I really dont think anyone has a use for one of these puppies, though I could be wrong.


----------



## scrollmaster

For my part I tend to agree. The 454 Casul turned out to be more than I figured but manageable if I don't shoot too many 454's in an outing and absolutely charming though with 45 Colts. I think Smith just didn't want to be the small guy on the block after all these years but there ain't no 500 S&W Shorts to tam'er her down. Maybe Winchester'll come out with a lever for the caliber or sumthin'.
~ the scrollmaster ~


----------



## Militant_Tiger

It is a caliber made to take out anything on the planet, but with that much weight it is not a very appeasing idea for someone who needs bear protection, and being that handguns are far less accurate than rifles it is highly unlikely that someone would take it on an african safari. Other than for show/fun I dont think these will sell very well.


----------



## dlip

i think a 500 smith&wesson would be pretty bad if they came out with it in a semi auto brush carbine or a lever action like the marlin 1894 in 44 mag, id buy one, that ammo is just too expensive


----------



## Pesticidal

I bought one last year. It isn't that bad to shoot, really. Well, except for paying for the ammo, that is...


----------



## SniperPride

Id like to keep my hand attached to my wrist, thanks. :laugh:


----------



## scrollmaster

dlip said:


> i think a 500 smith&wesson would be pretty bad if they came out with it in a semi auto brush carbine or a lever action like the marlin 1894 in 44 mag, id buy one, that ammo is just too expensive


Oh man yeah... I would love to have the lever available but don't have a distinct urge to pay nearly $900 for this in a pistol although I'm just curious enough to find someone with one so I can just see what it does.
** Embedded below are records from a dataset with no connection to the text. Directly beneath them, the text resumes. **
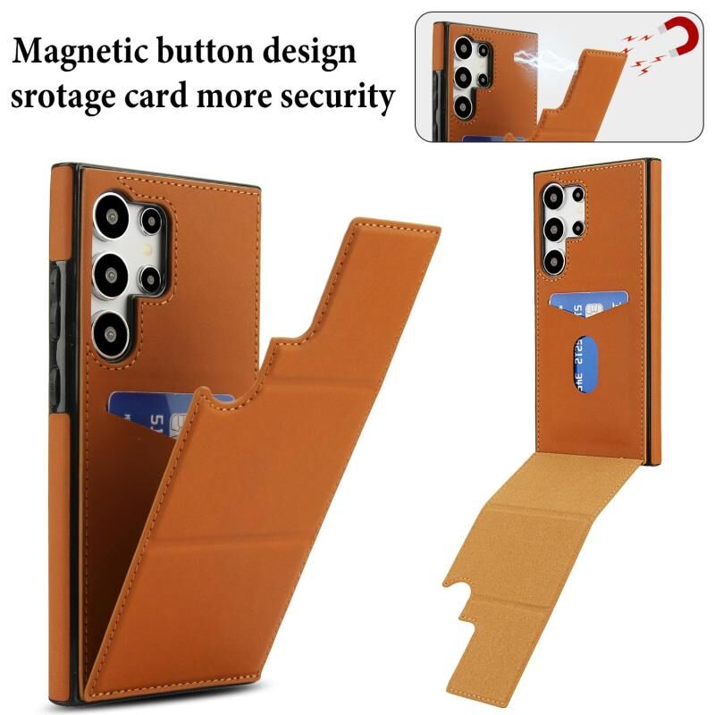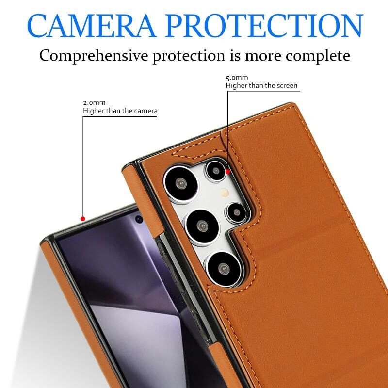 Θήκη τηλεφώνου Samsung Galaxy S24 Ultra 5G δερμάτινη, τριπλή, με θήκη για κάρτες (Χρυσό ροζ)
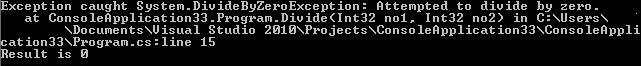 In the above code snippet the DivideByZeroException is thrown. The exception is thrown when an integer value is divided by zero. When the divide statement is executed, it returns a runtime error. The program is not guarded for exceptions, the default exception handler is invoked. The default exception handler displays the error message and allows user to troubleshoot the problem.
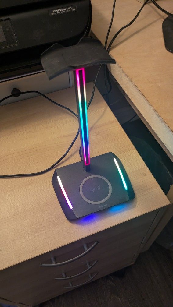 Hanger for gaming headset for sale. Has a wireless charger for phones. Backside has two USB-C slots and one general USB slot. Backside also has a button that cycles through different colors. This stand is powered via USB plug.
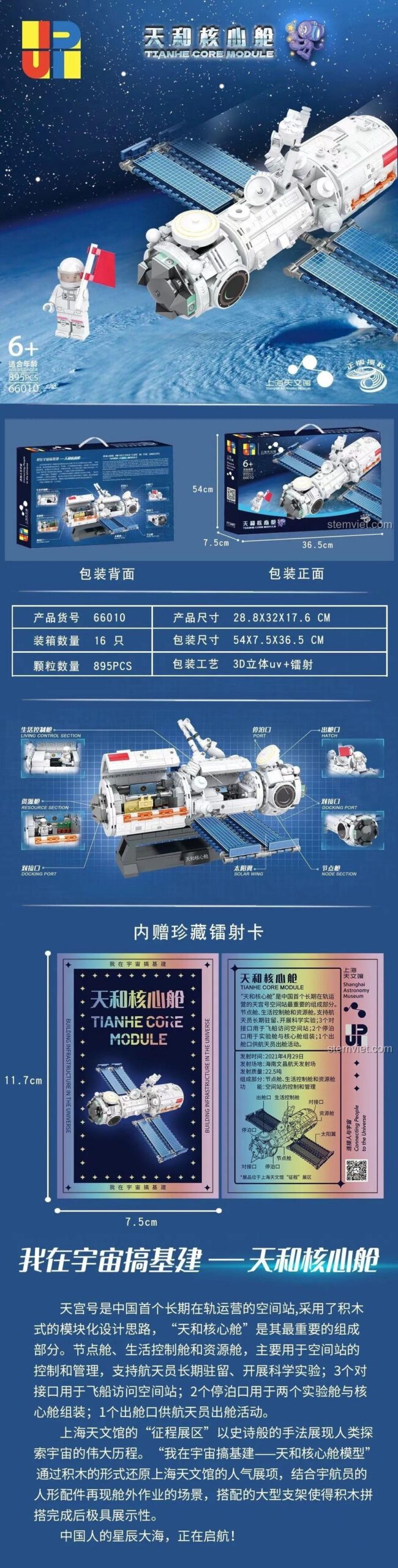 Đây là mô hình của khoang lõi Thiên Hòa, bộ phận trung tâm và quan trọng nhất của Trạm vũ trụ Thiên Cung do Trung Quốc xây dựng và vận hành ngoài không gian. Đây là một công trình khoa học có thật, giúp bé vừa chơi vừa có thêm kiến thức thực tế.
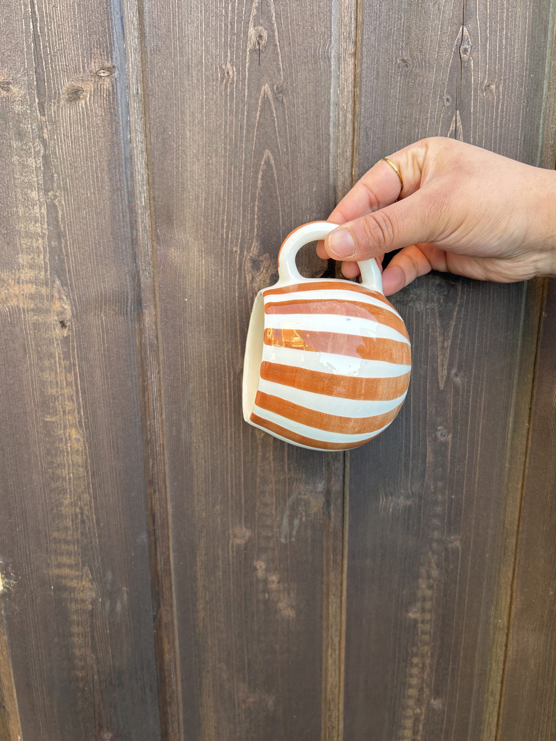 Découvrez notre magnifique mug tasse blanc rayé marron marocain artisanal, un voyage au cœur de l’art traditionnel !
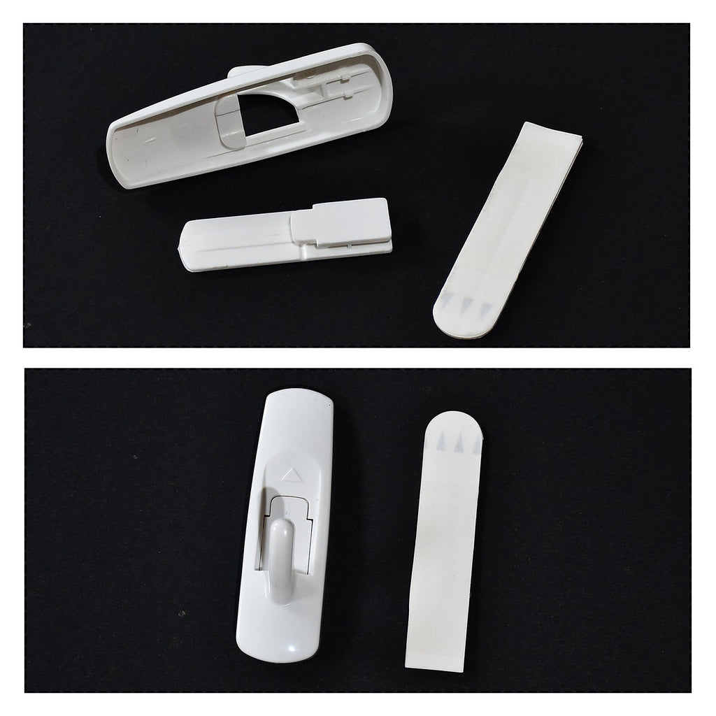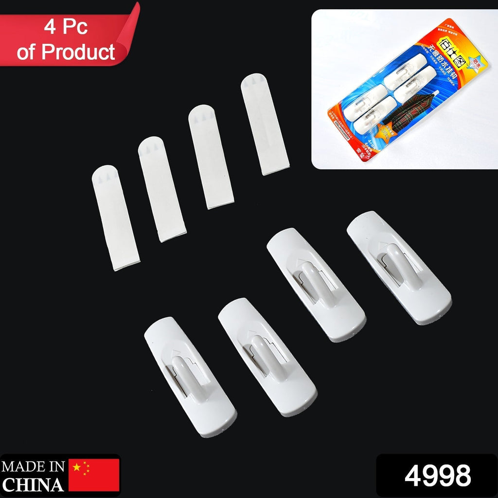 4998 Adhesive Sticker Plastic Hook 4 Hooks and 4 Sticker strips, Damage-Free Hanging, Holds Strong Plastic Hook

As for ammo cost the local shops here avg about $3 a bang. Not your preferred plinker choice by any means.


----------



## jlk

I have a 500 S&W in an Encore that I use in the swamps for wild hogs. I use 400gr lead bullets and it will hammer a hog.

The barrel is 16.25" plus the brake and is a 1" bull barrel made by Mike Sirois, or On Target Technology. Since this photo was taken I have replaced the 2X scope with an Aimpoint 1000. It will allow me to get on target a little quicker.


----------



## dakotashooter2

Now the 500 in a single shot makes sense. It doesn't make a lot of sense to have such a cartridge in a multi shot handgun if it can't be managed well enough to get it back on target again.


----------



## Militant_Tiger

NEF is supposedly making a single shot for 2005, if ammo gets cheaper it could be pretty nice.


----------



## killnbucks

Wild West Guns Makes the Model 04 in a leveraction! It's badass!!!


----------



## dlip

You got a link for it?


----------



## Pesticidal

Did you think of trying wildwestguns.com ???


----------



## dlip

Thanks


----------



## Alaskan Brown Bear Killer

:sniper: [/img]


----------



## Alaskan Brown Bear Killer




----------



## Alaskan Brown Bear Killer

This is a BAD *** hangun!


----------



## Bore.224

If ya need a gun to hit that hard "Use a Rifle".


----------



## The Norseman

I think the 500 and 460's are neat, even though I will never add one to 
my collection of S&W's, unless I ever won one.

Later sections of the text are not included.